Navigating an interracial relationship brings its own challenges, often leaving Indian individuals feeling uncomfortable or embarrassed. Convincing my partner to address my parents as “aunty” and “uncle” was met with awkwardness, which made me self-conscious. The differences in family dynamics, such as the lack of privacy, independence, and formality in my family compared to his, also created feelings of shyness within me. When he stayed over at my place, my parents couldn’t accept the idea of us sharing a bed and provided extra sheets so he could sleep elsewhere. I worried about overwhelming him with potent curries or bombarding him with religious pictures on our walls. The confusion he experienced when we drew family trees for each other, with me including all my distant cousins, highlighted the cultural differences he was encountering. However, together, we will overcome any challenges that arise.

Although I wish it weren’t so, I find validation in someone finding parts of my culture attractive or exciting. When my partner appreciates my Indian outfits as beautiful as any other formal dress, enjoys the masala chai I make for him, or finds excitement in watching Bollywood dances, it makes me feel secure in being my true self. Being a person of color in Oxford can be difficult, as moments of racism occasionally surface, but mostly it’s a feeling of loneliness and the longing to find your people or experience Indian music at a social gathering. Moving from a city and school with a dense South Asian population to a place where there are only a handful of South Asian individuals in each college has made me feel like a 24/7 ambassador of my culture and faith.

Fortunately, my partner is very understanding of these dynamics and encourages open, honest, and reflective conversations. He doesn’t try to educate me about my own experiences but provides reassurance when I feel self-conscious around others. Although his family is welcoming, I often wonder if it would be easier for everyone if he were dating a white person, as these thoughts of judgment creep into my mind. Sometimes, I hesitate to indulge when they drink excessively in public due to my reserved upbringing, and I would never feel comfortable wearing traditional Indian clothes or a bindi when meeting them. Like many others in interracial relationships, I fear appearing “too Indian,” so we tend to opt for a more palatable approach.

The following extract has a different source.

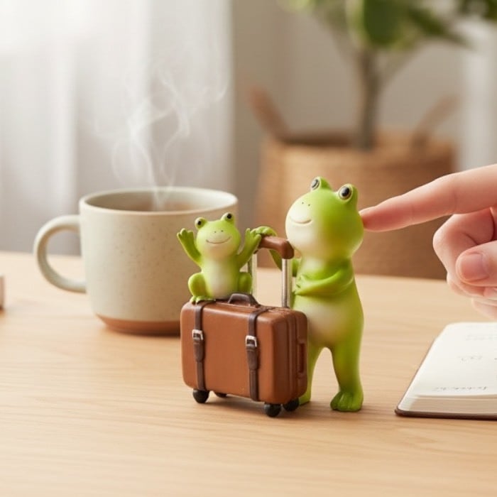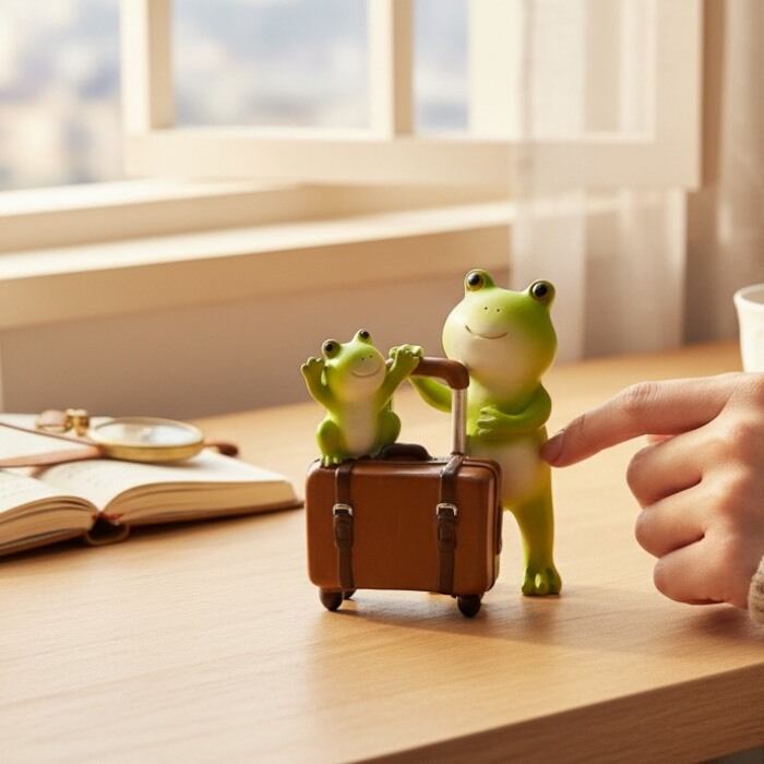 この愛らしいミニチュアアニマルは、ぽっちゃり蛙の親子が旅行する姿を描いたユニークなデザインが特長です。手のひらサイズながらも、細部まで丁寧に仕上げられたこの置物は、リビングやデスクに置くだけで、心和む雰囲気を演出します。視覚的にも触覚的にも癒しを感じさせ、見る人を虜にすることでしょう!

As my partner and I continue to learn and grow together, the feeling of “otherness” is gradually becoming less overwhelming. It’s a beautiful experience to share my culture with someone who genuinely takes an interest in my upbringing. Through this process, we challenge each other’s assumptions and stereotypes, fostering personal growth. While I have my own internal conflicts to sort out, having a supportive partner who provides space and care is truly invaluable.